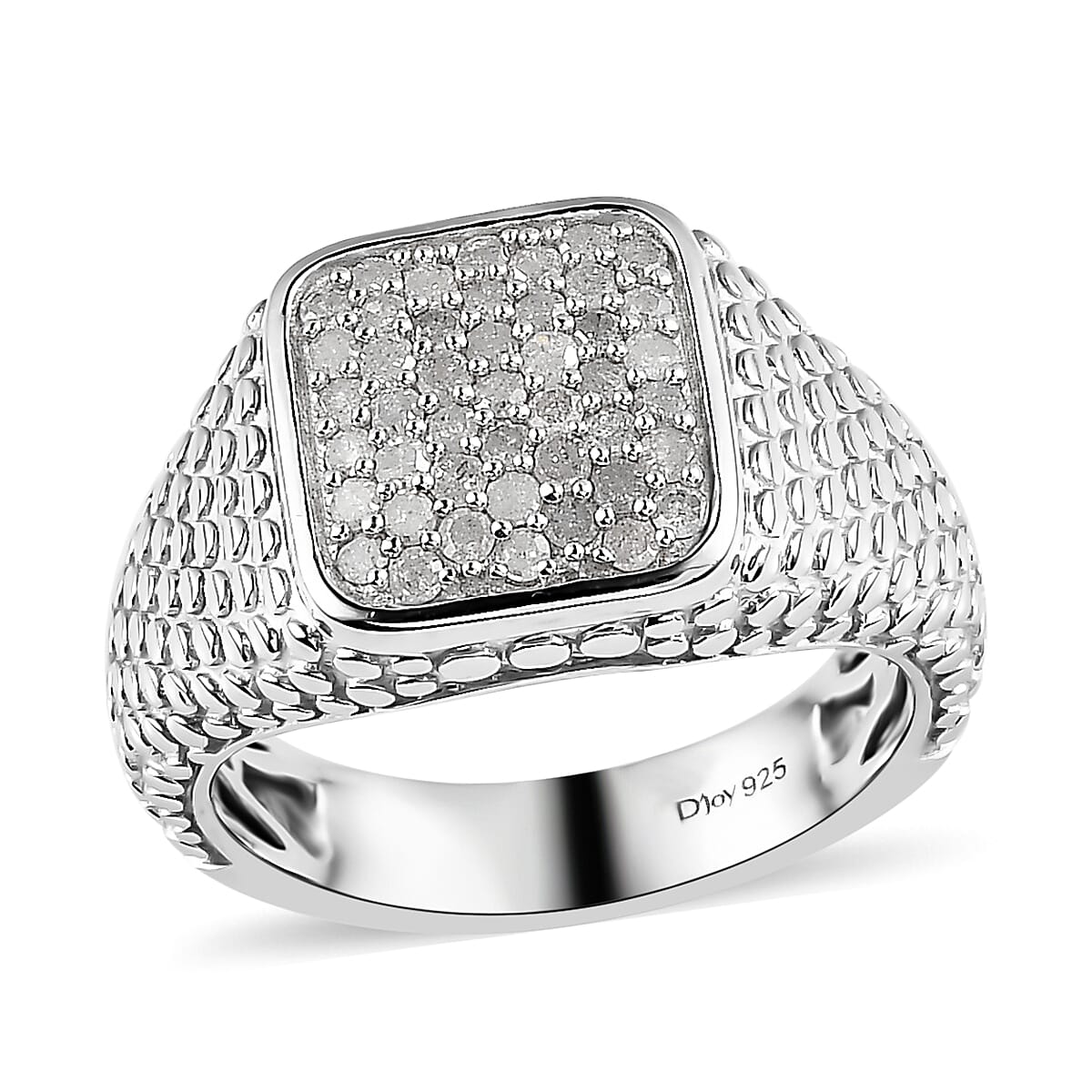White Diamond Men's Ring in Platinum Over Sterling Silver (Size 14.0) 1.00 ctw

* * *

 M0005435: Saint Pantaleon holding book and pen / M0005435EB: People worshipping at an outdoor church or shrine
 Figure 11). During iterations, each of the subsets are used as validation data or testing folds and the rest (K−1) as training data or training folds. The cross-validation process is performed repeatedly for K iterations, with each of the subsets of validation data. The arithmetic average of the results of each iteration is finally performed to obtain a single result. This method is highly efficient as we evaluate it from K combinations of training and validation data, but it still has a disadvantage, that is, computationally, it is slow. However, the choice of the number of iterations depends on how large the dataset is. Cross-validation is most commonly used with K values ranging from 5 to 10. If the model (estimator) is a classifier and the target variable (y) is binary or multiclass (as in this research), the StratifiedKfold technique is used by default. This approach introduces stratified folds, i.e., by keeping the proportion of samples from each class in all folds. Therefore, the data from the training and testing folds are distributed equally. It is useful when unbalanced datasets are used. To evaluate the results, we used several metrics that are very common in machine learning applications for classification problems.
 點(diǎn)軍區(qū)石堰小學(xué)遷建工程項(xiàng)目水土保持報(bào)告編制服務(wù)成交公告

Task description: Everything above from the line with "Figure 11). During" to the line with "點(diǎn)軍區(qū)石", both included, must be repeated exactly, and nothing outside that range.

Exercise result:
 Figure 11). During iterations, each of the subsets are used as validation data or testing folds and the rest (K−1) as training data or training folds. The cross-validation process is performed repeatedly for K iterations, with each of the subsets of validation data. The arithmetic average of the results of each iteration is finally performed to obtain a single result. This method is highly efficient as we evaluate it from K combinations of training and validation data, but it still has a disadvantage, that is, computationally, it is slow. However, the choice of the number of iterations depends on how large the dataset is. Cross-validation is most commonly used with K values ranging from 5 to 10. If the model (estimator) is a classifier and the target variable (y) is binary or multiclass (as in this research), the StratifiedKfold technique is used by default. This approach introduces stratified folds, i.e., by keeping the proportion of samples from each class in all folds. Therefore, the data from the training and testing folds are distributed equally. It is useful when unbalanced datasets are used. To evaluate the results, we used several metrics that are very common in machine learning applications for classification problems.
 點(diǎn)軍區(qū)石堰小學(xué)遷建工程項(xiàng)目水土保持報(bào)告編制服務(wù)成交公告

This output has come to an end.